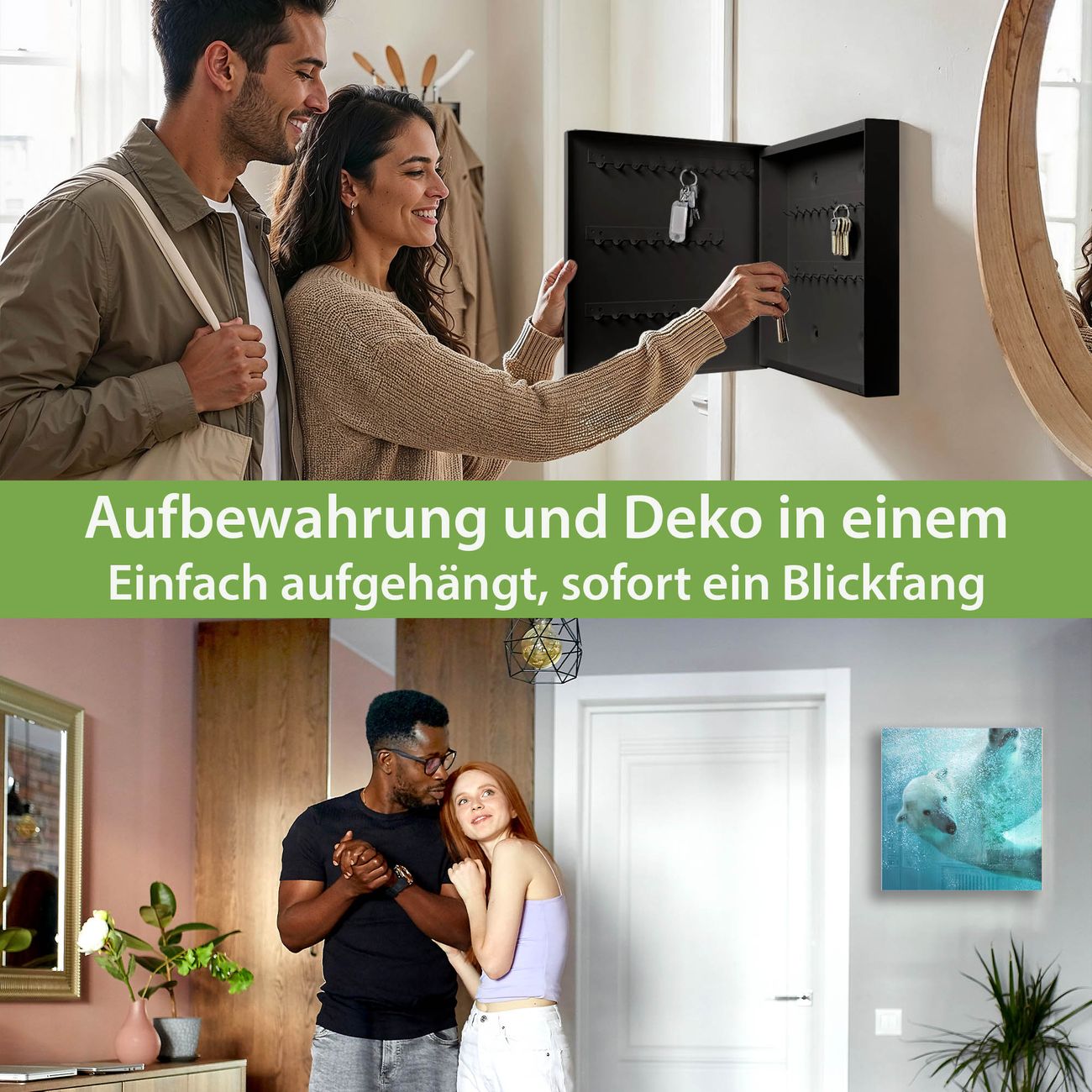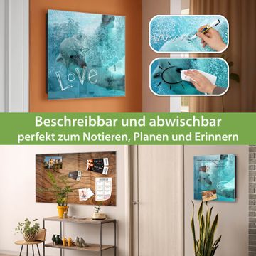 Bringe Ordnung und Eleganz in deinen Eingangsbereich mit dem banjado Schlüsselkasten Motiv Motiv Tauchender Eisbär. Die moderne Schlüsselbox kombiniert funktionales Design mit hochwertiger Verarbeitung und wird so zu einem echten Hingucker in Flur, Büro oder Ferienwohnung. ✅ Stilvolle Schlüsselaufbewahrung mit Glasfront im Motiv Motiv Tauchender Eisbär Der Design-Schlüsselkasten Motiv Motiv Tauchender Eisbär bietet Platz für bis zu 50 Schlüssel, die auf 5 stabilen Reihen mit je 10 Haken übersichtlich verstaut werden. Mit seinen kompakten Maßen von 30 x 30 x 5 cm passt die Schlüsselbox perfekt auch in kleinere Räume. Der schwarz lackierte Stahlkorpus mit rechts angeschlagenem Türscharnier harmoniert mit der Glasfront und fügt sich nahtlos in jedes Wohnambiente ein. Ob als Schlüsselorganizer für Zuhause oder als praktische Lösung für Büros, Praxen und Gewerbe, der banjado Schlüsselkasten sorgt für Ordnung und Übersicht. Dank der magnetischen, mit Kreidestiften beschreibbaren Glasfront kannst du Notizen anheften oder Termine direkt auf der Oberfläche festhalten. Die Schlüsselbox Motiv Motiv Tauchender Eisbär zur Wandmontage wird inklusive Befestigungsmaterial geliefert und ist schnell angebracht. So hast du deine Schlüssel jederzeit griffbereit und zugleich stilvoll verstaut. Mit diesem banjado Schlüsselkasten Motiv Motiv Tauchender Eisbär kombinierst du praktische Aufbewahrung mit stilvollem Wohndesign. Ob privat oder geschäftlich, die Schlüsselbox sorgt für mehr Ordnung, Übersicht und ein wohnliches Ambiente.Vorteile im Überblick
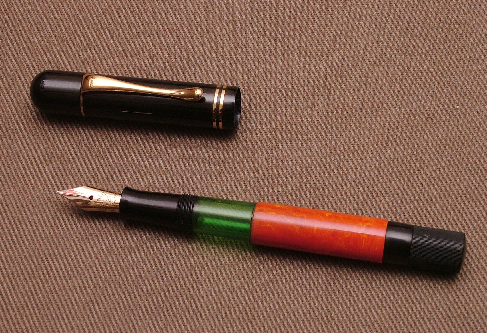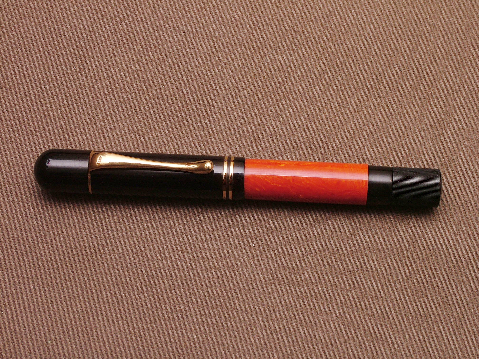 La Pelikan 100 di Massimo ha il binde rifatto da Tom Weistrich usando della celluloide arancione Visconti, per questo il colore della finestra non è intonato.
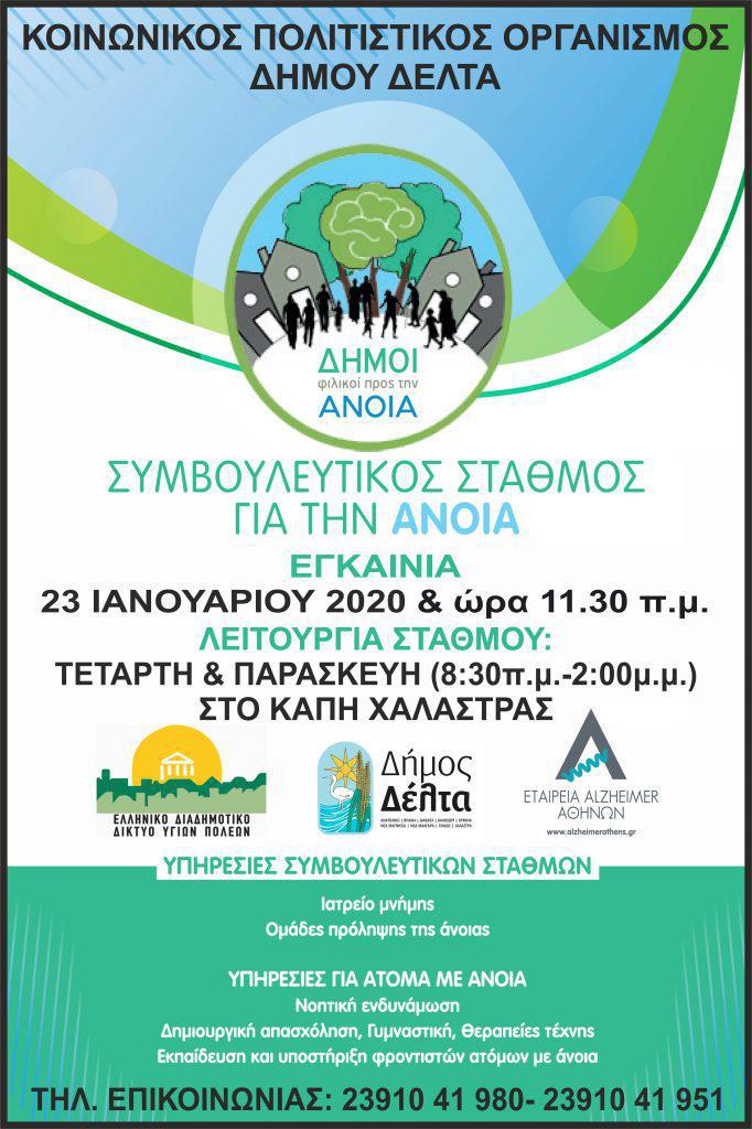 Ο δήμος Δέλτα αποκτά ειδικό συμβουλευτικό σταθμό για την Άνοια με σκοπό να βοηθήσει τους δημότες να πληροφορηθούν για τη νόσο και με τη βοήθεια των επιστημόνων να καταφέρουν την έγκαιρη διάγνωση και την αντιμετώπιση της.

==*==

◆ **TASK DIRECTIONS**: Would you set down, word for word, the lines running from the one that contains "La Pelikan 100" to the last line of the material, omitting all pictures?

◆ **OUTPUT**:
 La Pelikan 100 di Massimo ha il binde rifatto da Tom Weistrich usando della celluloide arancione Visconti, per questo il colore della finestra non è intonato.
 Ο δήμος Δέλτα αποκτά ειδικό συμβουλευτικό σταθμό για την Άνοια με σκοπό να βοηθήσει τους δημότες να πληροφορηθούν για τη νόσο και με τη βοήθεια των επιστημόνων να καταφέρουν την έγκαιρη διάγνωση και την αντιμετώπιση της.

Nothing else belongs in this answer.